Mrs. Reagan's parents separated soon after she was born and her mother, film and stage actress Edith Luckett, went on the road. Nancy was reared by an aunt until 1929, when her mother married Dr. Loyal Davis, a wealthy Chicago neurosurgeon who gave Nancy his name and a socialite's home. She majored in drama at Smith College and found stage work with the help of her mother's connections.
n 1949, MGM signed 5-foot-4, doe-eyed brunette Nancy Davis to a movie contract. She was cast mostly as a loyal housewife and mother. She had a key role in "The Next Voice You Hear ...," an unusual drama about a family that hears God's voice on the radio. In "Donovan's Brain," she played the wife of a scientist possessed by disembodied gray matter.
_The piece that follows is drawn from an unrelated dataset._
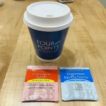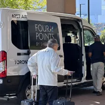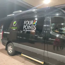 酒店接駁車在Terminal 1的E出口(出口有A到E),最邊上的柱子(寫着F3)。黑色車子,車身寫着Four Points。

She met Ronald Reagan in 1950, when he was president of the Screen Actors Guild and she was seeking help with a problem: Her name had been wrongly included on a published list of suspected communist sympathizers. They discussed it over dinner, and she later wrote that she realized on that first blind date "he was everything that I wanted."
They wed two years later, on March 4, 1952. Daughter Patti was born in October of that year and son Ron followed in 1958. Reagan already had a daughter, Maureen, and an adopted son, Michael, from his marriage to actress Jane Wyman.
The Reagans' mutual devotion over 52 years of marriage was legendary. They were forever holding hands. She watched his political speeches with a look of such steady adoration it was dubbed "the gaze." He called her "Mommy," and penned a lifetime of gushing love notes. She saved these letters, published them as a book, and found them a comfort when he could no longer remember her.